16:06:39 <irl[m]> bridgestrap exports metrics in the correct format but when you look at them they are often a bit meaningless
16:07:00 <irl[m]> i think the issue is that the correct anti-censorship people are away
16:07:09 <GeKo> hah, i see
16:07:17 <irl[m]> so i've got the collector implementation but i don't really want to deploy it to just have it archiving nonsense
16:07:38 <irl[m]> but, my contract will end on aug 31st, so there's a hard time limit on finishing this
16:08:22 <irl[m]> i also don't want this to hold up adding overload metrics to onionoo, but having both this and overload metrics in onionoo would make a really cool story for a blog post
16:08:45 <GeKo> irl[m]: what help do you need for the bridgestrap issue?
16:09:15 <hiro> maybe if we can come up with requirements for the onionoo VMs we can speed up rolling up the overload metrics
16:09:57 <irl[m]> https://gitlab.torproject.org/tpo/anti-censorship/bridgestrap/-/issues/20 and https://gitlab.torproject.org/tpo/anti-censorship/bridgestrap/-/issues/22
16:10:30 <irl[m]> these issues need to be fixed, otherwise we're just feeding in bad data which will end up confusing bridge operators more than helping them
16:11:10 <GeKo> okay
16:11:28 <GeKo> meskio is afk i think, so hrm
16:11:47 <irl[m]> hiro7[m]: i've not actually looked at the logs to see how long the runs currently take, and i've not looked at what the impact is of adding the additional descriptors, so first we should do those checks and see if it's a real problem or just one i've imagined or remembered from an old hypervisor host or something
16:12:12 <irl[m]> i could imagine that things have changed in the time i was gone
16:12:16 <gaba> hi!
16:12:53 <GeKo> irl[m]: okay, i'll think a bit about it
16:13:03 <GeKo> i am not sure if cohosh is around this week
16:13:11 <GeKo> and whether that would be enough to unblock you
16:13:36 <gaba> cohosh can you look at it soon too
16:13:41 <gaba> otherwise meskio is back next week
16:13:53 <irl[m]> when i spoke to cohosh she filed the issue and assigned it to meskio, i don't know if it's something she can look at or if it's requiring some as yet undocumented understanding
16:14:05 <GeKo> yeah
16:15:30 <GeKo> irl[m]: where are we with getting hiro accesses to all the metrics services?
16:15:50 <GeKo> if i see my backlog correctly we did not start with that process yet?

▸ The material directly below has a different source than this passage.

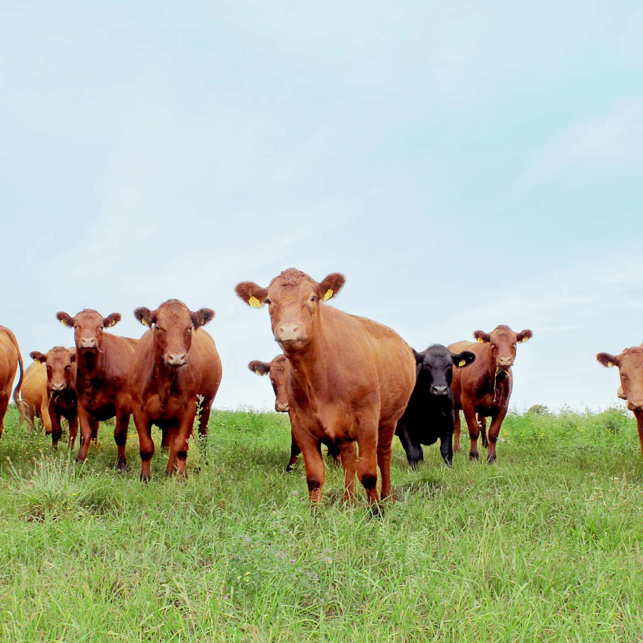 Wir halten Mutterkühe der Rassen Angus und Charolais. Im Winter zur Abkalbezeit werden die Kühe auf Stroh eingestallt. Ab dem Frühjahr grasen unsere Tiere auf den umliegenden großzügigen Weiden. In jeder Herde erfolgt die Fortpflanzung auf natürlichem Weg über Deckbullen. Auch bei der Aufzucht setzen wir auf natürliche Verfahren: die Kälber bleiben acht Monate bei ihren Eltern und werden erst als voll entwickelte Wiederkäuer abgesetzt.

16:16:12 <irl[m]> ah i went on vacation and didn't do it
16:16:18 <irl[m]> i'll do that after the meeting
16:16:29 <GeKo> great, thanks
16:17:59 <GeKo> okay
16:18:28 <GeKo> ggus: do you have some thoughts about how to deal with EOL relays in the network?
16:18:41 <GeKo> i want to make progress on that part in the coming weeks
16:18:47 <GeKo> and would love some input
16:19:16 <GeKo> back then i contacted a ton of operators on the old LTS to get them onto a newer tor release
16:19:23 <ggus> last time we contacted all EOL relays. do you think we should do this again?

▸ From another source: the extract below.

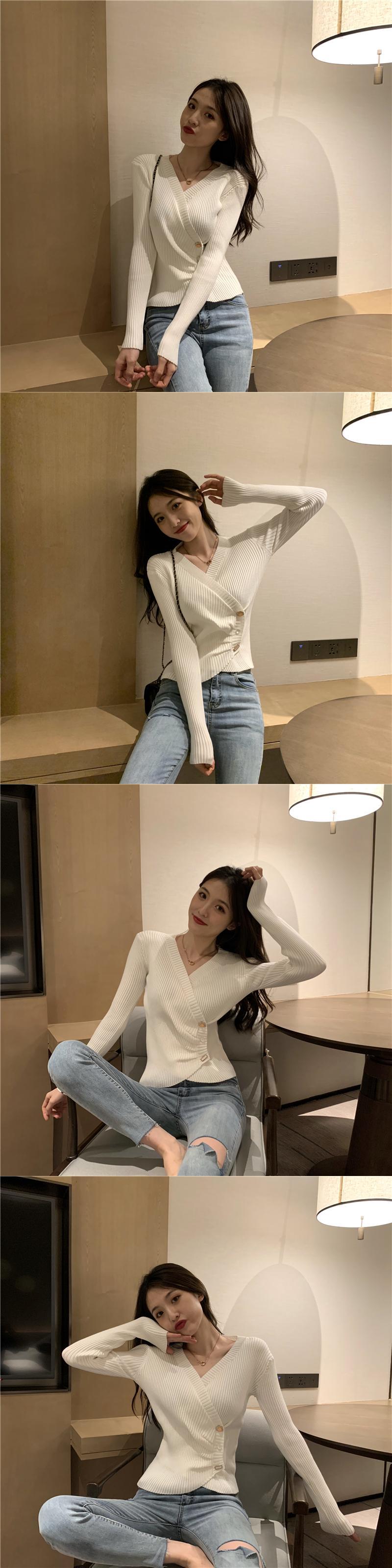 【送料無料】 ウエスタンスタイルのデザインのVネッククロストップを備えたニットボトミングシャツ女性の2021年春の新しいセーター スプリング 春物 TB1 0115101558926

16:19:25 <GeKo> and iirc you did a thing on twitter
16:19:41 <GeKo> yeah, i think that should be part of it
16:20:08 <ggus> lemme check that ticket, one sec
16:20:14 <irl[m]> if you're contacting EOL relays anyway, we can do more than ask them to upgrade
16:20:28 <irl[m]> ask them to use the contact info sharing thing
16:20:32 <GeKo> i like to figure out what we want to do with relays whose operators we do not reach
16:20:45 <irl[m]> help us understand the network better by getting relay operators to give us that information
16:20:56 <GeKo> yeah, maybe
16:21:05 <irl[m]> https://nusenu.github.io/ContactInfo-Information-Sharing-Specification/
16:21:30 <irl[m]> "here's a list of things that would be helpful to make your relay more useful to the tor network"

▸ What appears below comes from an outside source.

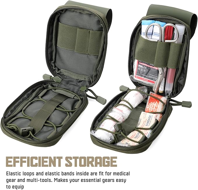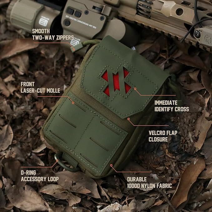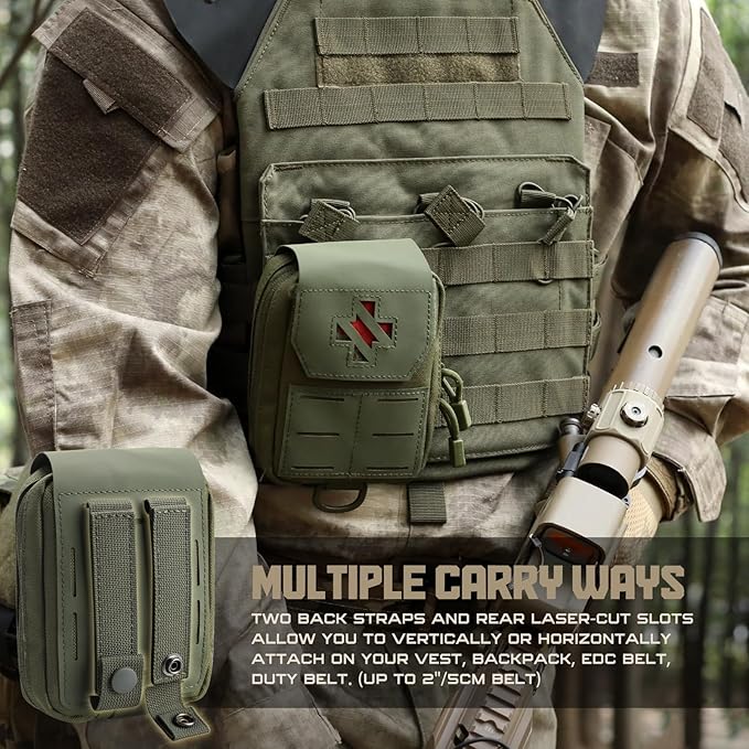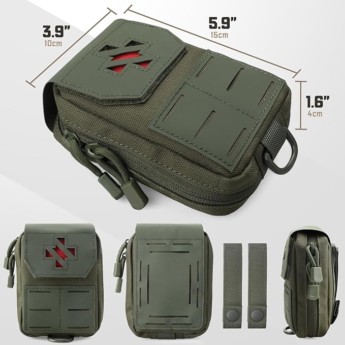 - MOLLE & BELT COMPATIBLE: First Aid Pouch equips two Molle back straps to fit any Molle/PALS system(like carrier vests or tactical backpacks), can be also mounted vertically and horizontally on the duty belt. The front laser-cut MOLLE platform attaches additional small gears you need for easy-to-reach.

16:21:49 <GeKo> i am not convinced by nusenu's idea
16:22:00 <GeKo> but sure we could think about what we could do while we are at it
16:22:13 <ggus> mmmh, 1k relays running EOL.
16:22:25 <GeKo> yeah, it's rough
16:22:51 <GeKo> but we need to get on top of that issue sooner than later i think
16:23:39 <GeKo> ggus: i like the dir-auth link arma linked to as a starting point
16:24:30 <ggus> https://gitweb.torproject.org/torspec.git/tree/attic/authority-policy.txt#n63
16:24:33 <ggus> this one?
16:24:36 <GeKo> yes
16:25:19 <GeKo> the main tricky point as i see it is striking a good balance between kicking eol relays out due to security risks
16:25:30 * arma2 looks at backlog
16:25:41 <GeKo> and keeping them in the network for performance and diversity reasons
16:26:06 <GeKo> like, assuming those 1k relays can't upgrade/won't upgrade
16:26:16 <ggus> GeKo: yes, like if a tor version fixing a TROVE was released, we would like that relays operators upgrade the network
16:26:25 <GeKo> i suppose we don't kick all of them out because they run an EOL version
16:26:40 <GeKo> yep
16:26:55 <irl[m]> if there's a security issue then that wouldn't be a recommended version by authorities though, right?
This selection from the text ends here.